Disappearing Earth by Julia Phillips has relevance for Alaska

Set in the Kamchatka peninsula of far northeastern Russia, debut novelist Julia Phillips writes in Disappearing Earth about the interior worlds of women, the importance of community, and the impacts of gender-based violence on both, with a depth of human insight reminiscent of Tolstoy. The story opens with the kidnapping of two young Russian girls from the region’s largest city, who we understand are Caucasian. This horrific loss is later juxtaposed with the prior disappearance of an Indigenous Even teen from a remote village family.

 

Bookcover Disappearing Earth by Julia Phillips

 

Disappearing girls and the complexity of responses

Through this plot twist, Disappearing Earth presents the complex influence of cultural differences, colonialism, and the rural/urban divide on law enforcement and public response to the disappearances, all in the context of post-Soviet Russia. Loosely connected stories through the months of a year reveal the range of emotional impacts these disappearances have on women among the interlinked villages of this peninsula with no roads connected to the outside world.

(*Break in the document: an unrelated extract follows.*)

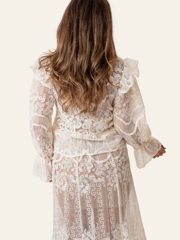 Blouse in sheer lace fabric with an embroidered pattern. Designed with a high neckline and button closure at the front. The lace pattern creates panels and curved details across the chest. The blouse has long sleeves with volume and wide cuffs. Small ruffles at the shoulders and a scalloped hem follow the structure of the lace fabric.

Geography and history constrain patterns of behavior

In the rural north of Disappearing Earth, conflicting desires and impulses settle into maturity and acceptance of community expectations. Relationships between people of multiple cultures, ages, and beliefs reveal intergenerational struggles between those who experienced the relative wealth of Soviet Kamchatka and the younger generation who have grown up with Internet and social media. And the disappearance of the girls impacts every woman in this story, weaving into their larger internal narrative,

” . . . Kamchatka was no longer a place to raise a family. Just look at the hole in her cousin’s life where a daughter belonged. The communities Revmira grew up in had splintered, making them easy places to be forgotten, easy places to disappear. Revmira’s parents had raised her in a strong home, an idyllic village, a principled people, a living Even culture, a socialist nation of great achievement. That nation collapsed. Nothing was left in the place it had occupied.” (p. 140)

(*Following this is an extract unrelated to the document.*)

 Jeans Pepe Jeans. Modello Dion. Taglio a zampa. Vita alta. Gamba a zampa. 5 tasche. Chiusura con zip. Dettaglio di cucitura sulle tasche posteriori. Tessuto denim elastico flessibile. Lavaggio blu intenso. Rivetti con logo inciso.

A visitor’s perspective to the landscape of Kamchatka

Phillips spent time in Moscow in college, and later spent a year in Kamchatka on a Fulbright. Book publicity has emphasized both its landscape description and the human interactions. Her perspective as an outside observer being out on the land will feel especially familiar to those who moved to the rural North later in their lives:

“Esso in the summertime was beautiful–cottages were repainted in primary colors, gardens grew dense with vegetables, the rivers ran high, and the mountains that surrounded the village turned dark with foliage. Ksyusha did not get to appreciate the sight until she was seventeen years old. Instead, the demands of herding ruled her summers: kilometers on horseback, legs aching, back sore; mosquitoes crawling under her clothes and staining her skin with her own blood; hurried baths taken in freezing river water . . .”

Representation matters: advocacy and community building in Disappearing Earth

Indigenous characterizations are handled cautiously, with awareness that she lacks a deep familiarity with the rhythms of life on the land. Still, there is nuance here; she makes the reader think about Russia’s diverse cultures and complicated history. It’s refreshing to see this attention to justice through a range of community interactions among people of various cultural backgrounds, in a novel written about people living in the north. It’s clear that she was deeply affected by the time spent with people in rural Kamchatka, both ethnically white as well as Indigenous Russians, and whatever American motivations and perceptions she brings to the story, she has done her best to represent fairly the cultures and conflicts of a place with problems perhaps not so very different from our own in America, and in particular, Alaska:

“Something happens in the north,” he said, “and no one pays any attention. Then the same thing goes on down here and it’s news. When we had the fuel crisis in ‘ninety-eight–remember? At home we had a solid year without power. People froze to death in Palana. But the ones in the city talk like it was just three or four months of cold, like the rest of the time didn’t matter because it only happened to us.” (p. 73)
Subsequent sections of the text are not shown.